My node crashed a second time a fews days back, and while the second iteration of hardening appears have held, I see many others crack under the stress. If one opens a control channel and issues
setevents extended orconn
volumes of
650 ORCONN ... LAUNCHED ID=nnnn 650 ORCONN ... FAILED REASON=CONNECTREFUSED NCIRCS=x ID=nnnn
messages appear. First I though these were operators with some new mitigation, but finally realized the relays are crashed and have not yet dropped off the consensus.
On Sat, Dec 30, 2017 at 03:33:23PM -0500, starlight.2017q4@binnacle.cx wrote:
I realize we're in the middle of the Christmas / New Year dead week, but it would be great one of the developers could says something (anything) about the ongoing denial-of-service attacks.
Still alive! Some of us just finished 34c3, and some others of us are trying to be offline for the holidays.
Here are some hopefully useful things to say:
(0) Thanks everybody for your work keeping the network going in the meantime! I see that the total number of relays has dropped off a tiny bit: https://metrics.torproject.org/networksize.html but the overall capacity and load on the network has stayed about the same: https://metrics.torproject.org/bandwidth.html So I wouldn't say the sky is falling at this point.
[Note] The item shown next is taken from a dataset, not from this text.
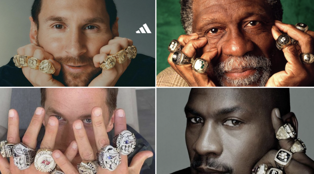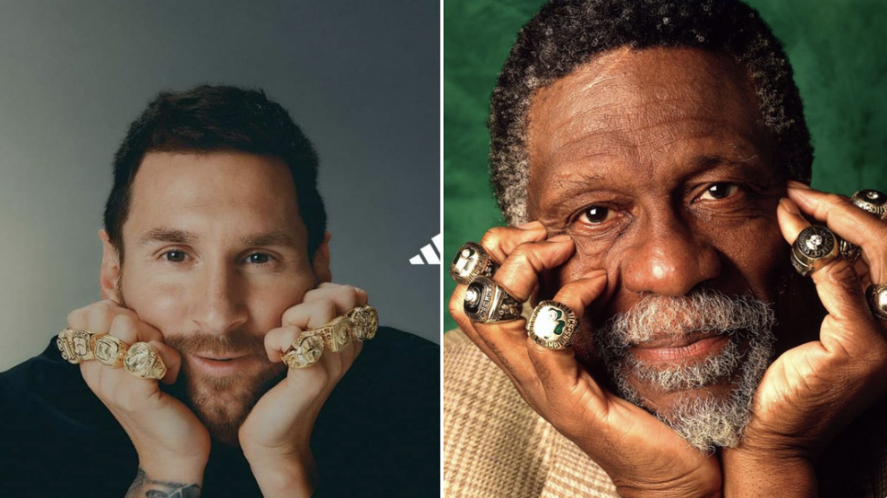 Los gestos y pose de Messi y sus ocho anillos son casi idénticos y es como un homenaje a la foto de otro basquetbolista llamado Bill Russell que en los años 70 y 80’s se sacó una foto con 8 de los 11 anillos que logró en la NBA.

(1) I don't currently have any reason to think this is an intentional denial-of-service attack. Rather, the overloading is a consequence of the 1million+ new Tor clients that appeared a few weeks ago: https://metrics.torproject.org/userstats-relay-country.html This point shouldn't make you feel completely better, since even an incidental denial-of-service can cause real problems. But the response when modeling it as a malicious attack should be quite different from the response when modeling it as emergent pain from a series of bugs or poor design choices. Whatever these new clients are doing, the Tor design + the current Tor network aren't prepared to handle doing it at that scale.
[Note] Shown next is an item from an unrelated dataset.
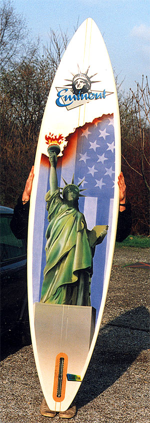 Die anderen Motive sind -wohl unschwer zu erkennen- echte Airbrush-Arbeiten auf Objekten (ebenfalls private Kundenaufträge). Die Motorhaube war für einen Oldtimer Club und stammt von einem Citroen DS21. Das Logo auf dem Surfboard ist KEINE Schleichwerbung, diese Firma existiert schon länger nicht mehr... ;) :hat2

(2) Now, it is very reasonable to wonder what 1M new Tor clients are doing, especially if they are all running on a handful of IP addresses at hosting facilities like Hetzner and OVH. These are not all new humans running Tor Browser.
(2b) If anybody has great contacts at Hetzner or OVH and can help us get a message to whoever is running these clients, that would be grand. ("Hi, did you know that you're hurting the Tor network? The Tor people would love to talk to you to help you do whatever it is you're trying to do, in a less harmful way.")
(3) I took some steps on Dec 22 to reduce the load that these clients (well, all clients) are putting on the network in terms of circuit creates. It seems like maybe it helped a bit, or maybe it didn't, but I'm the only one who has posted any stats for comparison. You can read more here: https://trac.torproject.org/24716
(4) David identified some bugs and missing features that could be causing extra pain in this situation:
https://trac.torproject.org/24665 https://trac.torproject.org/24666 https://trac.torproject.org/24667 https://trac.torproject.org/24668 https://trac.torproject.org/24671 https://trac.torproject.org/24694
A few of these were fixed in the latest 0.3.2.8-rc release, but some of them involve design work, not just bug fixes, and some of those changes are probably not a wise idea to stick into a late-stage release candidate (or backport to an earlier stable). So, think of this as a great opportunity for us to fix some scalability issues that weren't issues until this new situation appeared. :)
setevents extended orconn
volumes of
650 ORCONN ... LAUNCHED ID=nnnn 650 ORCONN ... FAILED REASON=CONNECTREFUSED NCIRCS=x ID=nnnn
messages appear. First I though these were operators with some new mitigation, but finally realized the relays are crashed and have not yet dropped off the consensus.
Hey, nice one. I've opened a ticket to try to improve that situation too: https://trac.torproject.org/24767
--Roger
At 18:25 12/30/2017 -0500, Roger Dingledine wrote:
Thank you Roger for your detailed reply.
I have some observations:
1) An additional contingent of dubious clients exists aside from the newly arrived big-name-hoster instances each generating _hundreds_of_thousands_ of connection requests _per_guard_per_day_: hundreds of scattered client IPs behave in a distinctive bot-like manner, and seem a likely source of excess circuit-extend activity. These IPs have been active since late August this year.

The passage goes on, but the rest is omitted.